Хрущев встает и идет в детскую. Он проходит темную гостиную, — чуть мерцают в ней подвески люстры, зеркало, — проходит темную диванную, темную залу, видит за окнами лунную ночь, ели палисадника и бледно-белые пласты, тяжело лежащие на их черно-зеленых, длинных и мохнатых лапах. Дверь в детскую отворена, лунный свет стоит там тончайшим дымом. В широкое окно без занавесок просто, мирно глядит снежный озаренный двор. Голубовато белеют детские постели. В одной спит Арсик. Спят на полу деревянные кони, спит на спине, закатив свои круглые стеклянные глаза, беловолосая кукла, спят коробки, которые так заботливо собирает Коля. Он тоже спит, но во сне поднялся в своей постельке, сел и заплакал горько, беспомощно, — маленький, худенький, большеголовый…

— В чем дело, дорогой мой? — шепчет Хрущев, садясь на край постельки, вытирая платком личико ребенка и обнимая его щупленькое тельце, что так трогательно чувствуется сквозь рубашечку своими косточками, грудкой и бьющимся сердечком.

Он берет его на колени, покачивает, осторожно целует.

Ребенок прижимается к нему, дергается от всхлипыванй понемногу затихает… Что это будит его вот уже третью ночь?
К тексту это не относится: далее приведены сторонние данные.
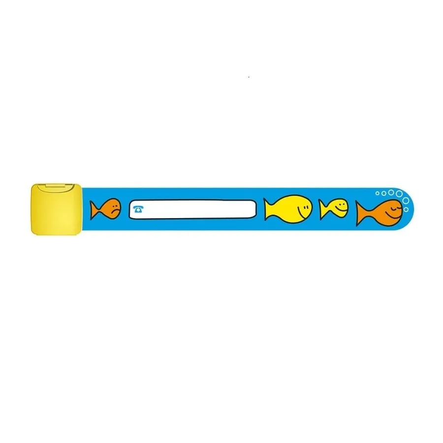 La Pulsera identificativa de Infoband es muy atractiva y suave, con diseños muy divertidos y coloridos. Además, la hebilla de seguridad tiene un sistema de apertura que no permite que los niños puedan abrirlo, o sea, que solo se puede abrir con las dos manos a la vez.

Луна заходит за легкую белую зыбь, лунный свет, бледнея, тает, меркнет — и через мгновение опять растет, ширится. Опять загораются подоконники, косые золотые квадраты на полу. Хрущев переводит взгляд с пола, с подоконника на раму, видит светлый двор — и вспоминает: вот оно что, опять забыли сломать это белое чудище, что дети сбили из снега, поставили среди двора, против окна своей комнаты! Днем Коля боязливо радуется на него, — это человекоподобный обрубок с бычьей рогатой головой и короткими растопыренными руками, — ночью, чувствуя сквозь сон его страшное присутствие, вдруг, даже не проснувшись, заливается горькими слезами. Да снегур и впрямь страшен ночью, особенно если глядеть на него издали, сквозь стекла: рога поблескивают, от головы, от растопыренных рук падает на яркий снег черная тень. Но попробуй-ка сломать его! Дети будут реветь с утра до вечера, хотя он все равно уже тает понемногу: скоро весна, мокнут и дымятся в полдень соломенные крыши…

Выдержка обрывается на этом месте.